Магия породненности не зависит от географических широт и долгот. За примером ходить недалече. Современник Филда, непременный посетитель его вечеров в королевском театре Hay Marcet и в лондонской консерватории, дипломат граф Семен Романович Воронцов десятилетиями жил на Гарлей-стрит, вышел в отставку, но с берегами Темзы не расстался и завещал предать свой прах земле Альбиона. И никто, уверяю вас, никто не клеймил его ни русофобом, ни «плохим русским»…
Так вот, ирландец возвращался туда, где называли ирландца « наш Филд». Катил в рессорном экипаже с промельком красных спиц по дорогам Франции, по дорогам Германии, а, как встарь говаривали, предсущей была Москва.
О да, в молодости дышал он невскими туманами, но потом…
Тишина и радость светятся в слове «милый», избранном Пушкиным в пандан к понятию «родной край». Уроженец Ирландии, британский подданный не посягал на званье патриота русского. Он просто-напросто обрел в России «милый предел».
Вначале был Петербург. В Москве он бывал наездами — концертировал. Москва пленила исподволь. Строгость Северной Пальмиры променял наш лирик на увалистое приволье первопристольной. Пустынность площадей — на нескучные сады; державное течение Невы — на приток Оки. Помню домашнее, дедушек-бабушек: «Не широка, не глубока, журчит, бежит Москва-река…» Там, в Петербурге, он квартировал и в однозвучной линии Васильевского острова, и на Морской, где фасадам ни вздохнуть, ни охнуть, как во фрунте. Адреса ж московские ласкают слух: Никитская, Никольская, Софийская.
Знаю, знаю, я пристрастен, и я умолкаю. Не потому, что мои московские сентименты достойны иронии друзей-ленинградцев, а потому, что друзья мои, ленинградцы, достойны восхищения. Они считают себя петербуржцами, а Петербурга-то нет, есть фата-моргана.

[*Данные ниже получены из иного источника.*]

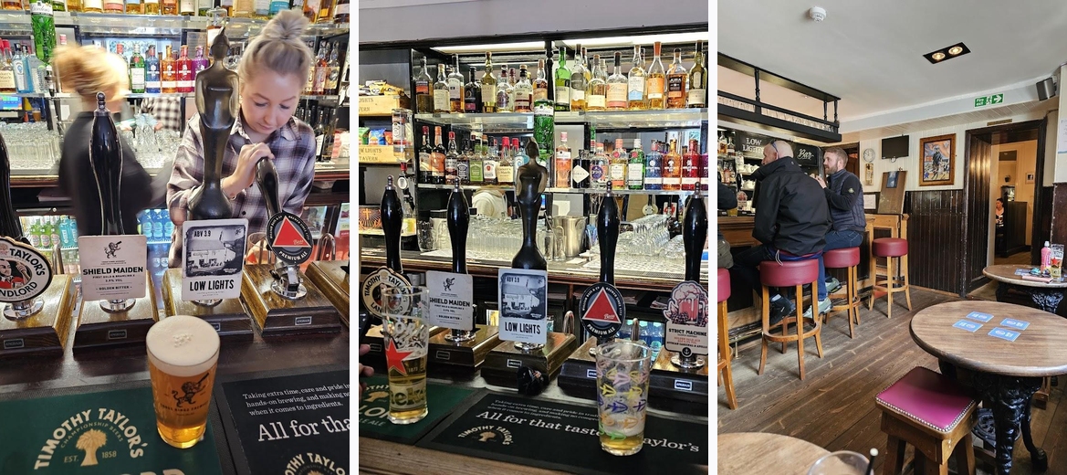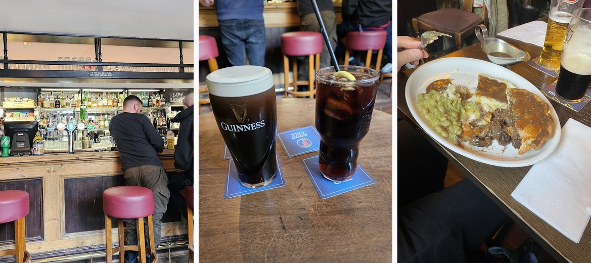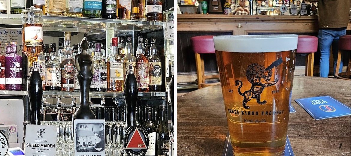 A super old pub retains lots of character. Once owned by the awful Scottish and Newcastle brewery. A Top pub, not a Low pub! Five real ales. Alic chose local N Shields brewery Three Kings. A good Pale Ale. Been to South Shields hundreds of times but only second visit to the North side. Booth loves this bar. Retains original character and serves super pies.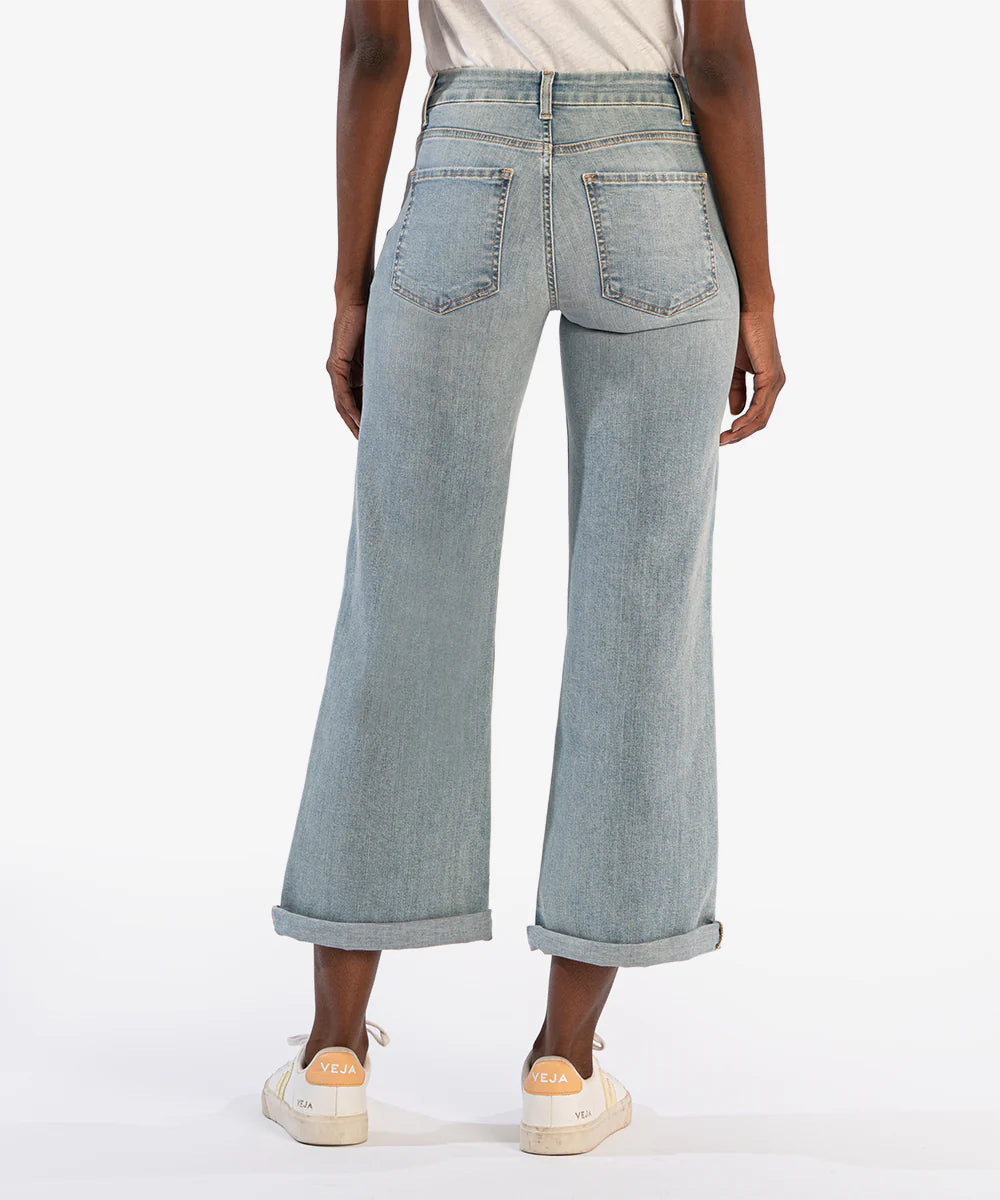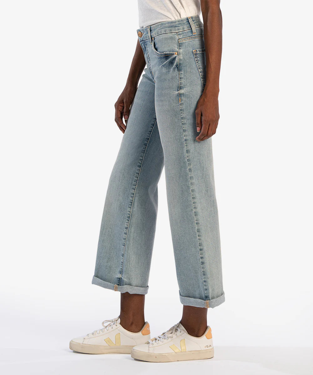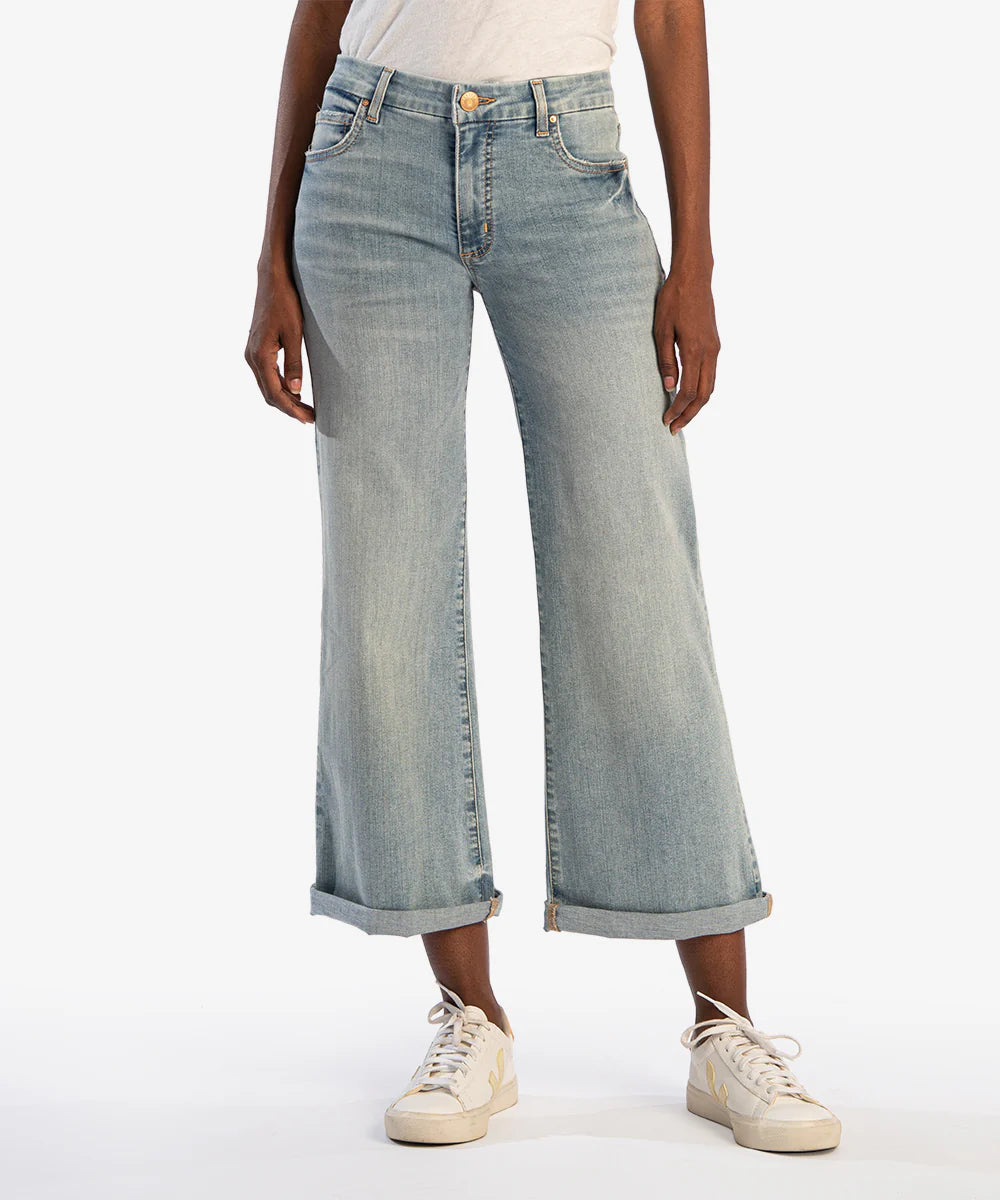 - Flaunt retro-chic style in these fabulous light-wash jeans featuring a mid rise and ankle-grazing wide legs.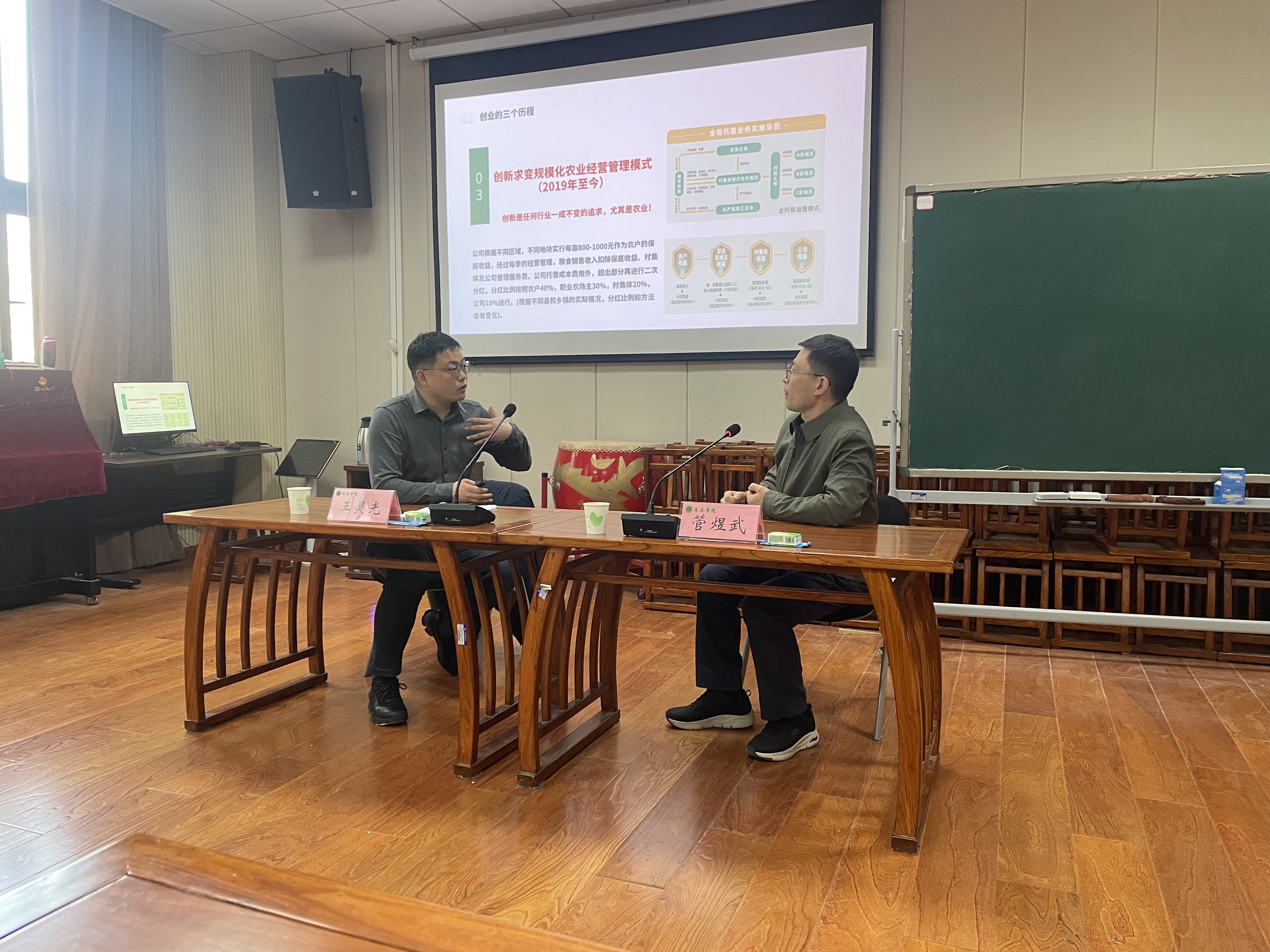 邀请我校优秀校友、共青团第十七届全国代表大会代表、河南省促进农村就业创业先进个人、河南赋农科技有限公司董事长王灵光举办新型农业经营主体发展与创新专题报告会。院长王晓勇、行政管理系主任管煜武以及部分教师和农业管理专业研究生参会,会议由王晓勇主持。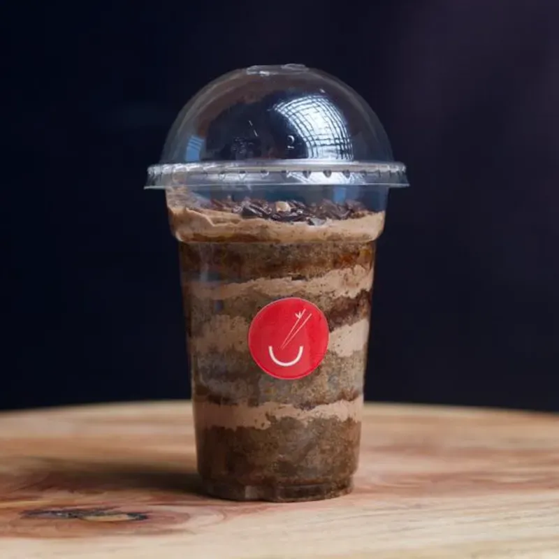 Postre frío servido en capas, alternando panetela y crema batida de chocolate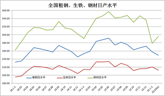 2020年3月中旬,重點(diǎn)統(tǒng)計(jì)鋼鐵企業(yè)共生產(chǎn)粗鋼1836.61萬噸、生鐵1707.77萬噸、鋼材1758.48萬噸、焦炭319.21萬噸。本旬平均日產(chǎn),粗鋼183.66萬噸、環(huán)比增長1.55%、同比下降4.02%;生鐵170.78萬噸、環(huán)比增長0.74%、同比下降-0.49%;鋼材175.85萬噸、環(huán)比增長4.88%、同比增長1.11%。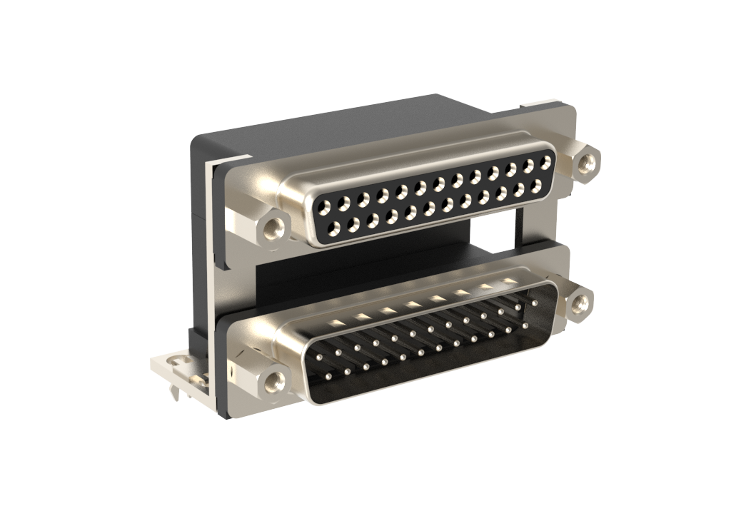D-Sub Dual Port Connectors, Input Output Connectors, Stamped Signal 3A, Stacked Right Angle PCB Thru Hole, F=19.05mm (.750in), 25/25 (Socket/Pin), 0.76
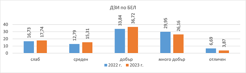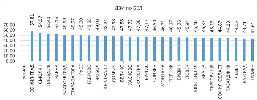 Запазва подредбата на регионите с най-добри резултати от ДЗИ по БЕЛ. Първите пет са София-град, Смолян, Пловдив, Варна и Благоевград. Последни по резултати са областите Шумен, Разград, Плевен, Пазарджик и София-област, отчитат от МОН.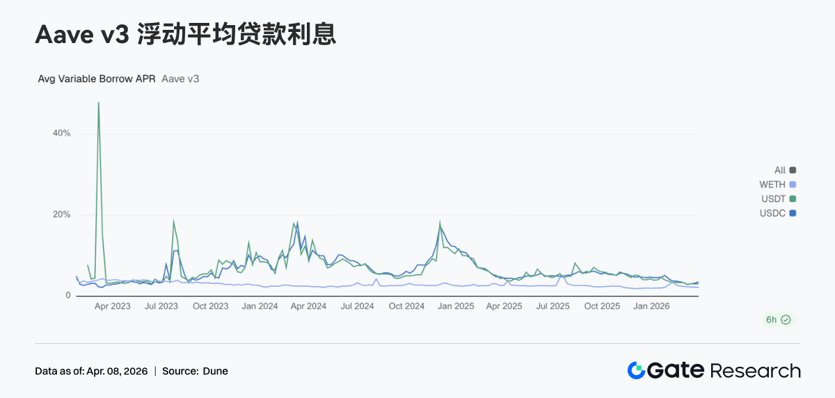 Aave 三大核心资产利率上周进一步分化。USDC 借款 APR 从 3.23% 升至 3.51%,上行最为明显;USDT 小幅升至 3.10%;WETH 基本维持在 2.23% 附近。在借贷规模回升的同时,资金主要流向稳定币贷款端,ETH 贷款需求未同步增强。市场行为更偏向资金调度、套利与仓位滚动,而非方向性杠杆扩张。在 V4 架构预期下,不同资产之间的资金价格分化可能进一步扩大。上周 USDC 利率的上行,已提前反映这一趋势。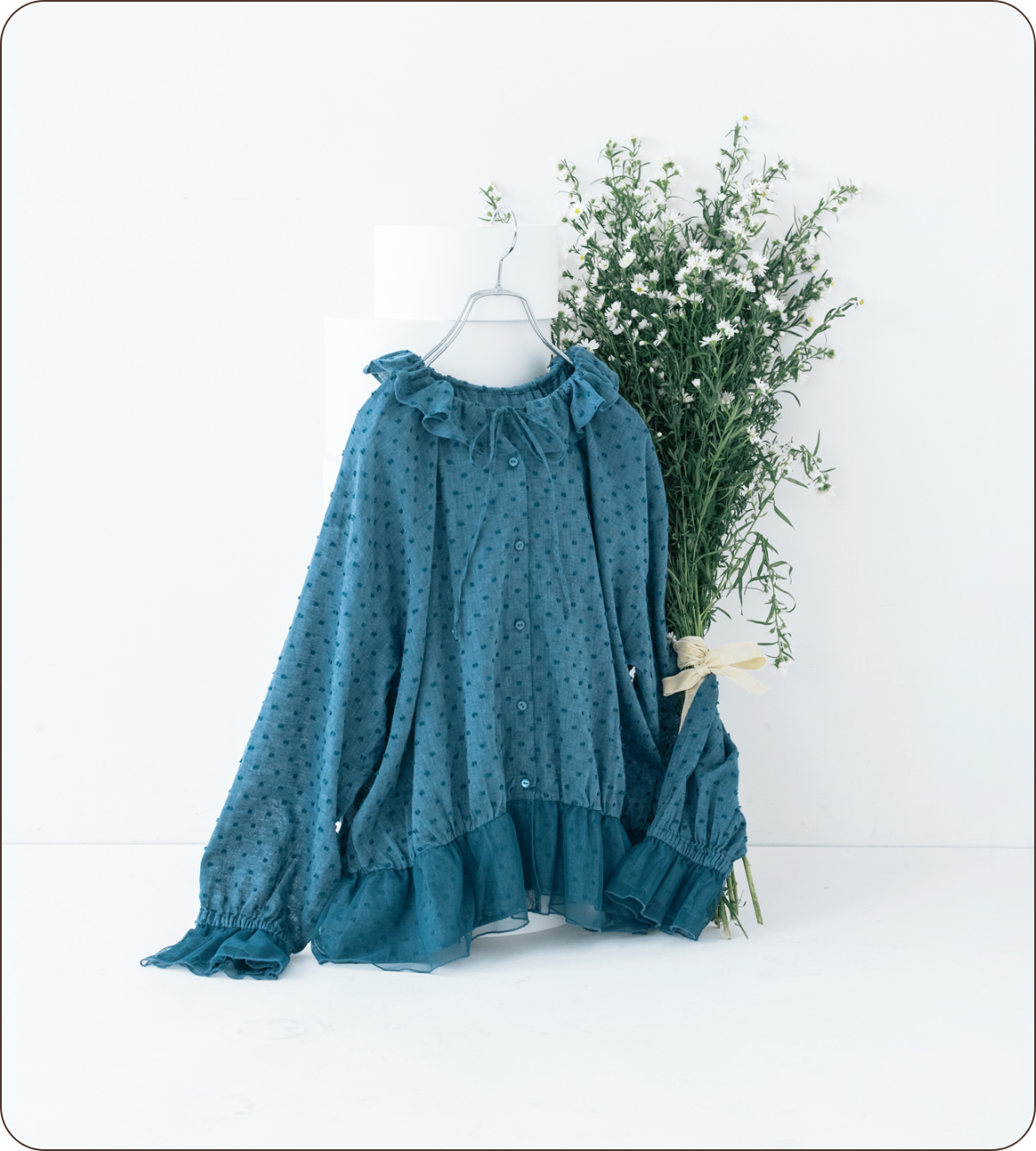 前後着ができるほか、前ボタンを全開にすれば羽織りとしても使える3way! スウェットやカーディガンを重ねて、衿と袖口のチュールを見せるような着こなしもおすすめです。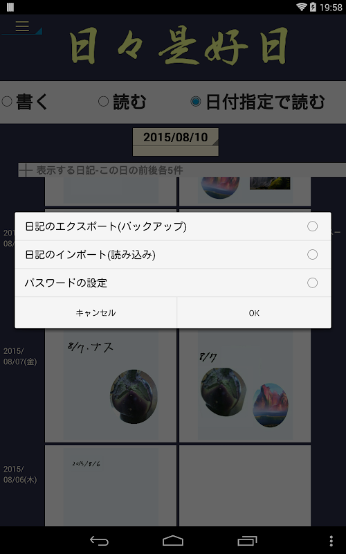 タブレットで日記を書こう! 画像/写真と手書き文字だけの日記アプリ。 画像/写真は簡単に編集できる。 過去10年間の同じ日の日記を並べて見られる。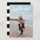 Script Lettrage à la main photo verticale Enregistrer l'annonce de la date. Une photo entièrement personnalisable sauvegardez l'annonce de la date pour votre famille et vos amis. Cette verticale enregistrer la carte date dispose de lettrage blanc simple et de motif à rayures noir et blanc. Vous pouvez également customiser le dos de la carte de faire-part en changeant le motif avec votre photo ou une autre image.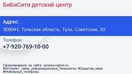 БиБиСити, детский центр по адресу 300041, Тульская область, Тула, Советская, 10 в дальнейшем Организация, размещена в следующих категориях: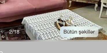 - Jurnal masası: düzbucaqlı forma, ağ rəngdə, üzərində krujeva örtük (şəkildə).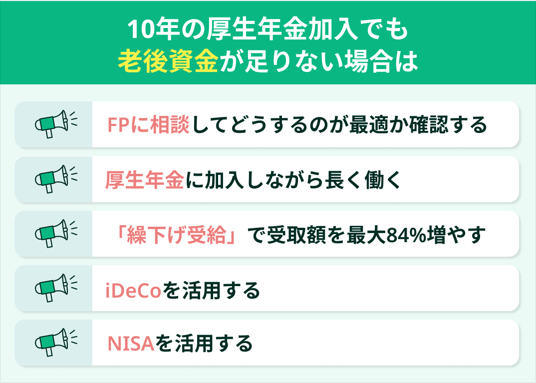 - 10年の厚生年金加入でも老後資金が足りない場合は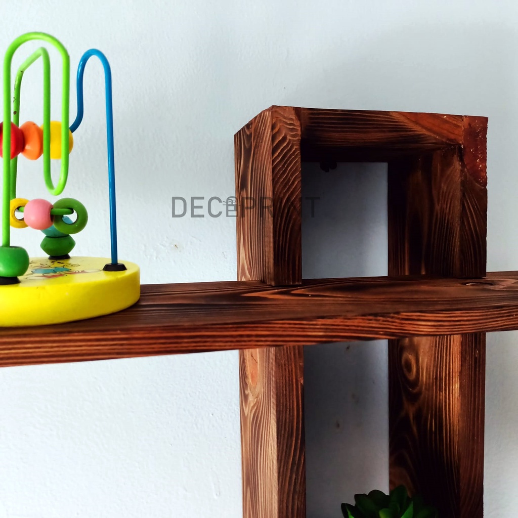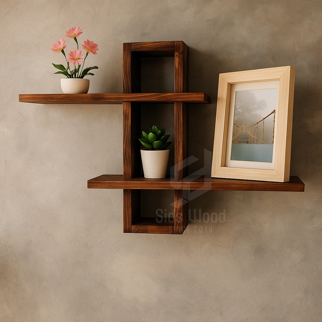 SidsWood [RHD] Rak Hias Dinding Kayu Kotak – Rak Gantung Pajangan Foto & Pot Tanaman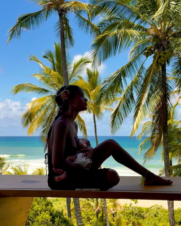 Вони позували на тлі пальм та Атлантичного океану. Жінка годувала хлопчика грудьми та насолоджувалась краєвидами.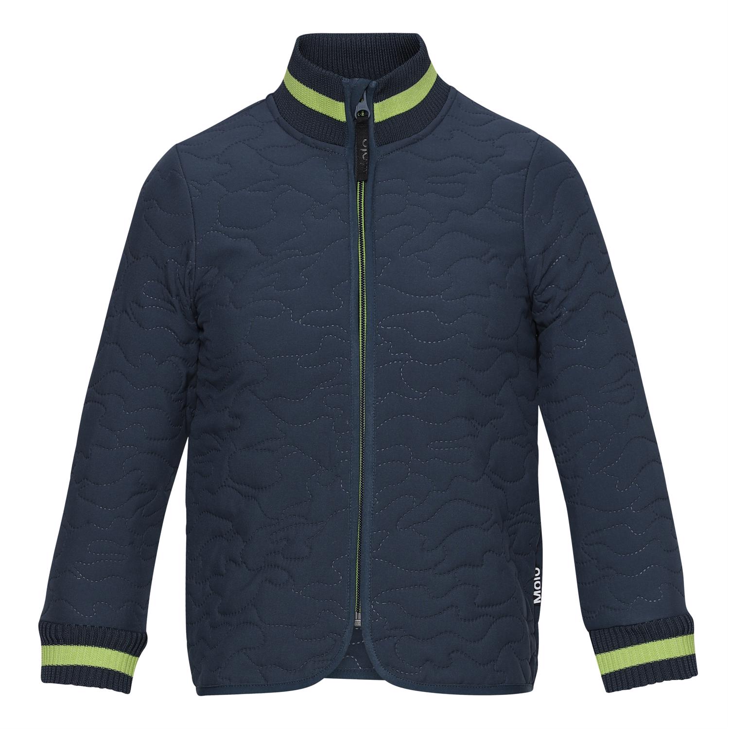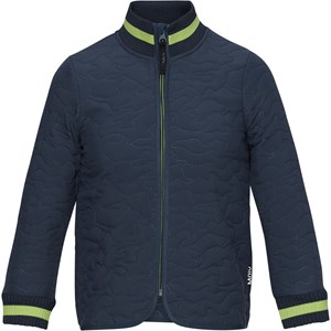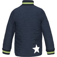 Husky is een thermo jas in donkerblauw met een prachtig steekpatroon. Het heeft een groene ritssluiting en groen gestreepte ribboord bij de kraag en mouwen.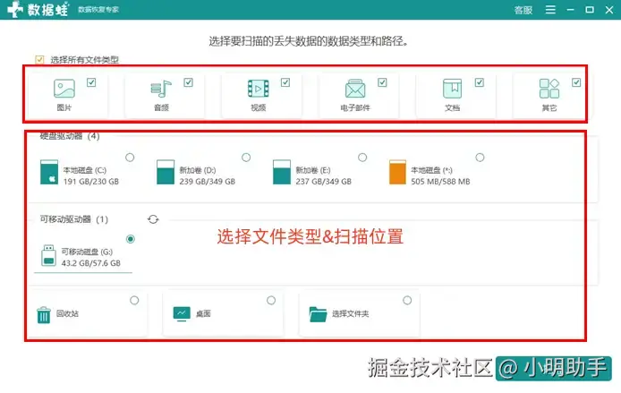 步骤1: 在电脑中,打开该软件,进入首页后选择文件和扫描位置,按下“扫描”按钮;

Но был, ей-богу, был некогда град Святого Петра.
Осенью 1802 года молодой человек, которого никто еще не называл ни «нашим Филдом», ни «русским Филдом», впервые услышал хроматическую гамму вещих курантов. Он не успел испытать должной почтительности — ветер сорвал с него шляпу. Смеясь беспечно, он хлопнул себя по тощим ляжкам и побежал за шляпой.
Этой же осенью газета «Петербургские ведомости» среди прочих объявлений известила о том, что Муцио Клементи, римлянин, сочинитель музыки, имеет жительство в Офицерской улице.
Муцио Клементи… Муцио Клементи… Я долго ждал подсказки памяти. И уже думал о другом, вдруг и дождался: «Жираф!» Когда-то и я обитал в Ленинграде. Вот и вспомнилось: на узорчатом паркете музейного дворца — «жираф!»: высо-окий, педали бо-ольшущие и эта виньетка: «Муцио Клементи и К 0».
Не поручусь, уцелело ли фортепиано, сработанное в Лондоне на фабрике Клементи. Не поручусь, потому что… Карамзина однажды попросили слить в единое слово российскую действительность. Историограф молвил печально: «Крадут!»
В Ленинграде, в научно-исследовательском институте с годами образовалась коллекция музыкальных инструментов, изумляющая даже профанов. А несколько лет тому хватились — парижский кларнет Александра Третьего сперли; бесценные скрипки слямзили; умыкнули и уникальные, в 57 струн, гусли; уволокли и церковный колокол… Извещаясь о конокрадствах, Екатерина Великая шутить изволила: ничего, мы богаты. И верно, так богаты, что девать некуда. Вот научные исследователи взяли да и спихнули в затхлый крысиный подвал и фортепиано Рирта, и Штрассеровы часы с органом, свирели, флейты, арфы… Где уж тут ручаться за «жирафа» лондонской фабрики Клементи, сочинителя музыки и учителя Джона Филда?